RAG examples
Example RAG pipelines and code snippets.
Definition
This page collects concrete RAG examples: simple Q&A, document QA, and hybrid search with code you can adapt. Each example demonstrates a complete, runnable flow from document ingestion to answer generation.
Each example follows the same RAG flow — index documents, embed query, retrieve, generate — but with different frameworks or options. The goal is to provide starting points you can drop into your own project and extend. Adjust chunking, embeddings, and the vector store to match your data volume, domain, and latency requirements.

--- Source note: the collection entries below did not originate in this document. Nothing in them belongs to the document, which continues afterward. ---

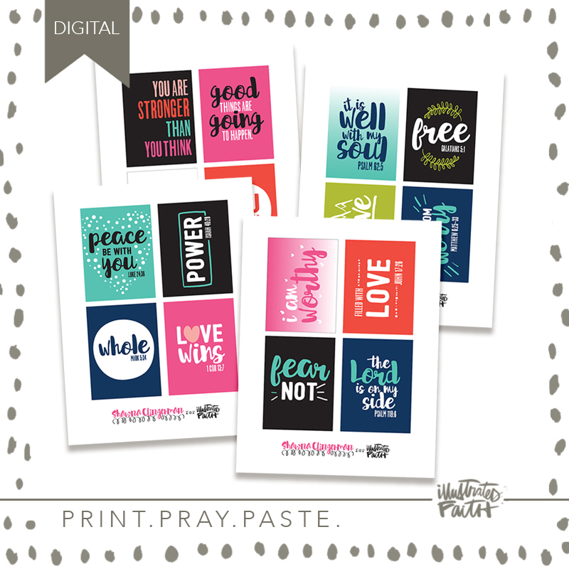 Print out these incredibly encouraging affirmation cards designed by Shawna Clingerman as a fun tool to illustrate your faith! These cards are perfect for tip-ins, pocket pages, or Project Life scrapping! You can even tuck one into a greeting card for a friend that needs a little boost! :)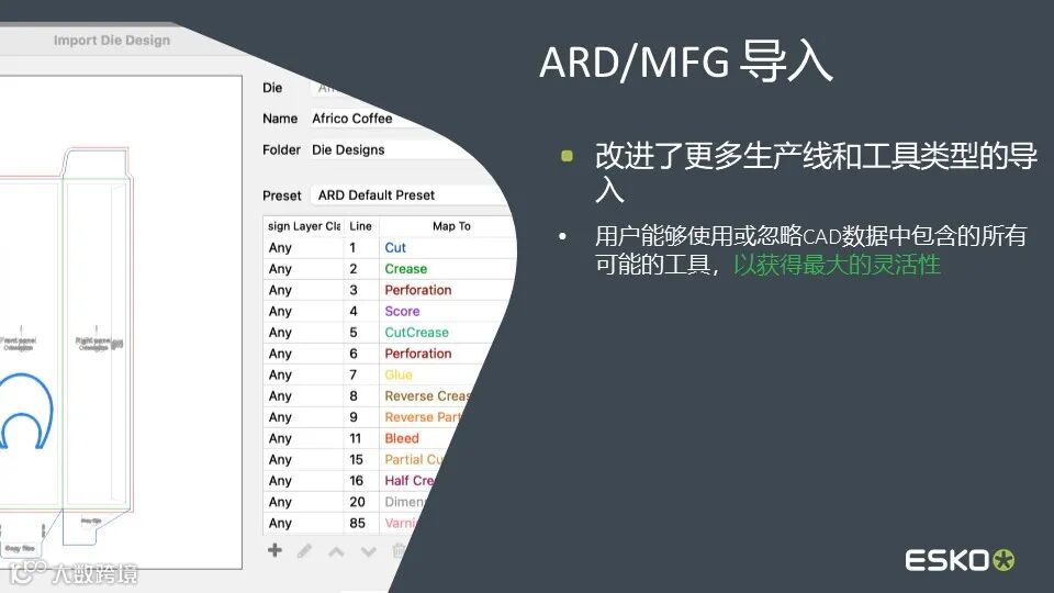 艾司科esko 艾司科是一家在包装、指示牌和展示用品整饰、商务印刷以及专业出版方面为企业提供整合解决方案的全球化供应商。艾司科产品和服务能帮助客户提高生产效率、缩短上市时间、降低成本、拓展业务及改善赢利能力。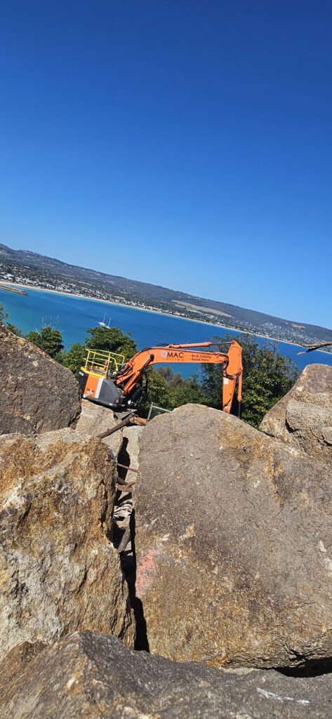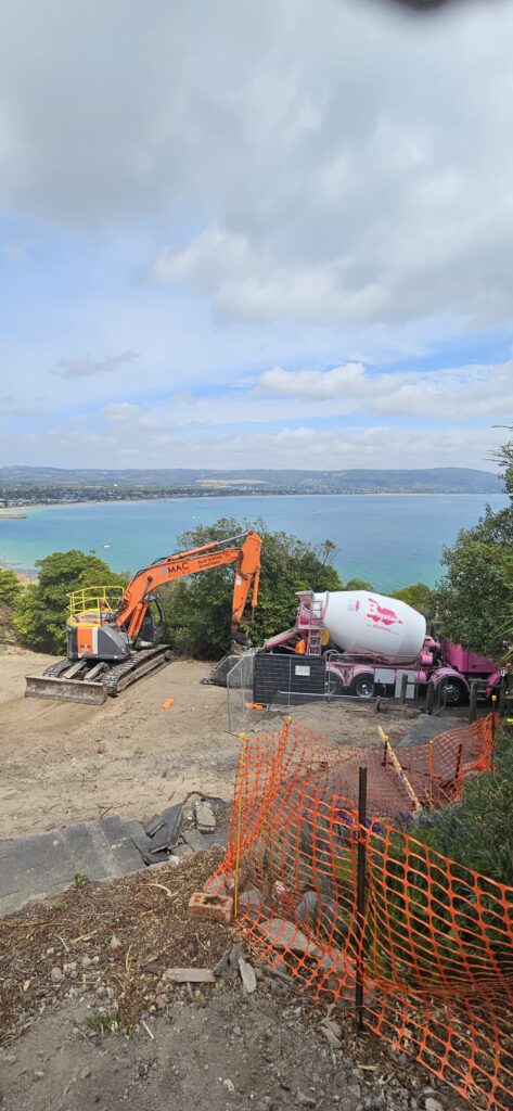 This job was a pleasure, with a magical view overlooking the bay and Arthur's Seat. With the magic views come difficult access for deliveries, but nothing DMAC can't handle. Due to the dramatic slope of the land, a retention system was designed to retain the back of the property. Using our 22T Hitachi excavator, we drilled down to 7.4m, with varying ground conditions calling for core barrels to get through some hard granite layers.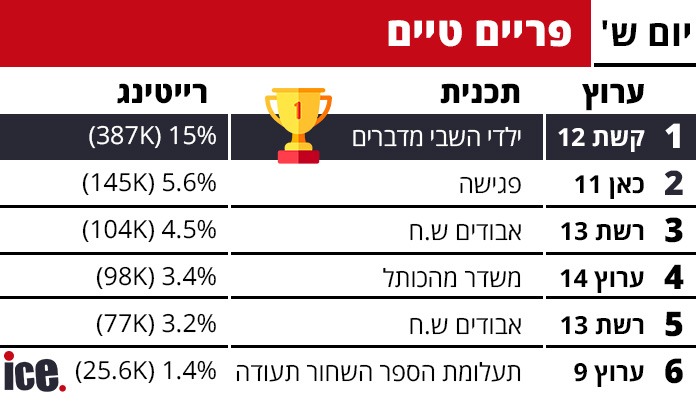 ברצועת הפריים טיים, קשת 12 הממשיכה להוביל בביטחון עם התכנית "ילדי השבי מדברים" שזכתה לרייטינג יוצא דופן של 15% ו-378 אלף צופים. רשת 13 הציגה שני פרקים של "ש.ח אבודים" עם תוצאות משתנות - הפרק הראשון הגיע ל-3.2% ו-77 אלף צופים, בעוד השני השיג 4.5% ו-104 אלף צופים. כאן 11 השיגה תוצאות מעורבות: "פגישה" זכתה ל-5.6% ו-145 אלף צופים, אך "מפלגת המחשבות" הסתפקה ב-1.6% ו-47 אלף צופים בלבד. חדשות 14 סיימה עם "מהדורת מוצ״ש" שהגיעה ל-4.7% ו-113 אלף צופים.
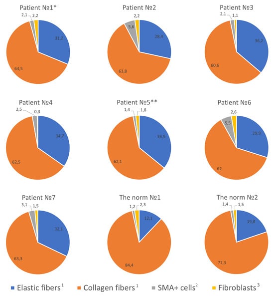 Histotopography of tryptase-positive mast cells in the skin dermis of patients with Marfan syndrome. Frequency of colocalization of MCs (%) with a fibrous component, αSMA-positive cells, and fibroblast. Staining technique: 1 multiplex detection of tryptase, elastic, and collagen fibers; 2 multiplex immunohistochemical detection of tryptase and α-SMA; 3 Giemsa staining. α-SMA: alpha-smooth muscle actin. Notes: *—mother of patient No. 2; **—mother of patients No. 6 and No. 7.
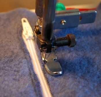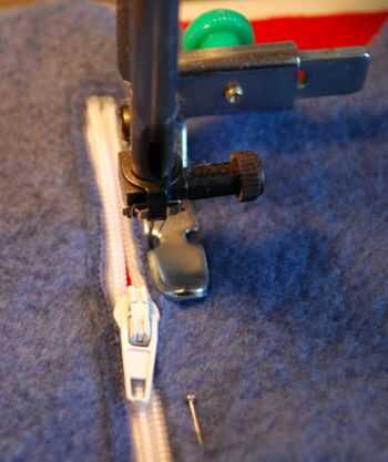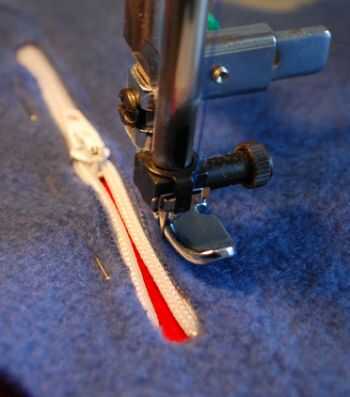 Coser alrededor de la cremallera utilizando una máquina de coser en puntada recta 3.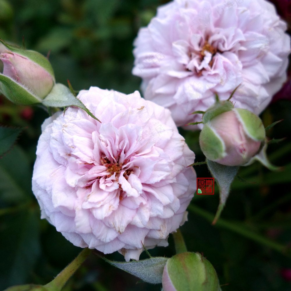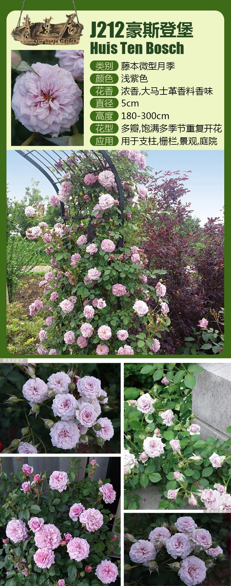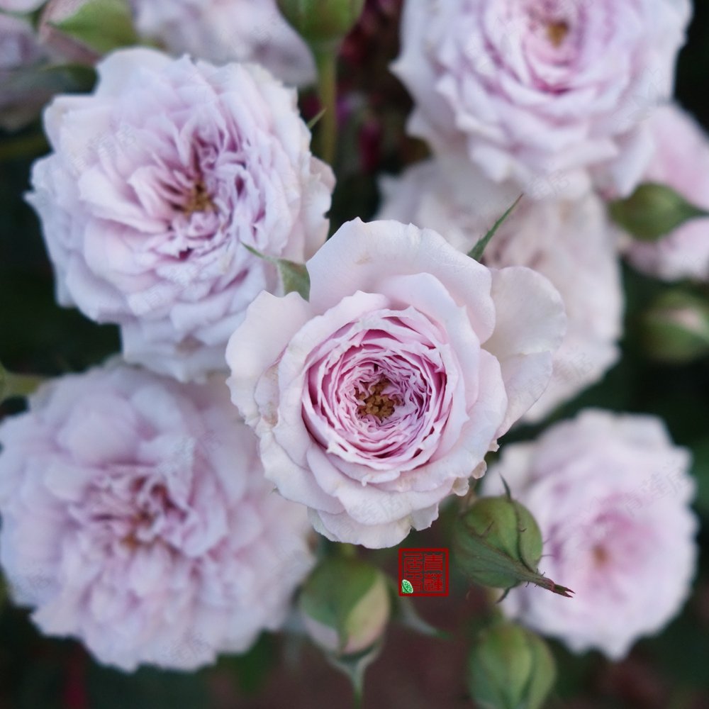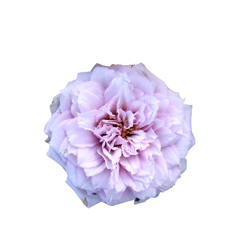 Lilac. Strong fragrance. Small, very full (41+ petals) bloom form. Blooms in flushes throughout the season.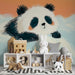 Le fond aux teintes pastel, mêlant des nuances d'orange et de bleu, évoque les douces heures du coucher de soleil, apportant chaleur et réconfort à la pièce. Les détails délicats du panda, ainsi que les textures infantiles des nuages, ajoutent une touche ludique et charmante à cet espace.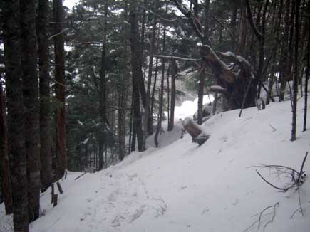 今日は橋には雪が積もっていますが欄干は全部見えている状態で「行ける!行ける!」と先輩諸氏、前回はこの欄干が全部雪で埋まっていてここから猛ラッセルで予定のテン場まで行けなかったそうです。

Choosing the right example depends on your stack: LangChain is well-suited for quick prototypes with many built-in integrations; LlamaIndex excels at structured document ingestion and multi-index queries; a custom pipeline gives maximum control at the cost of more boilerplate. All three approaches produce the same conceptual output — retrieved context fed into an LLM call.
How it works
Pipeline overview
Framework selection
When to use / When NOT to use
| Scenario | Use these examples | Don't use |
|---|---|---|
| Prototyping a Q&A bot quickly | Yes — LangChain example is minimal | No — building a custom pipeline from scratch adds unnecessary time |
| Production app with custom chunking | Yes — custom pipeline example | No — framework defaults may not match your chunking strategy |
| Multi-document research over structured data | Yes — LlamaIndex example | No — LangChain generic chain may miss document structure |
| Single document that fits in context window | No — just pass the document directly | Yes — retrieval pipeline is unnecessary overhead |
| Hybrid search (semantic + keyword) | Yes — use Chroma or Weaviate with BM25 | No — single-vector search may miss keyword-critical queries |
Code examples
Example 1: minimal RAG with LangChain
from langchain_openai import OpenAIEmbeddings, ChatOpenAI
from langchain_community.vectorstores import Chroma
from langchain.text_splitter import RecursiveCharacterTextSplitter
from langchain.chains import RetrievalQA
from langchain_community.document_loaders import TextLoader
# Load and chunk
loader = TextLoader("my_document.txt")
docs = loader.load()
splitter = RecursiveCharacterTextSplitter(chunk_size=500, chunk_overlap=50)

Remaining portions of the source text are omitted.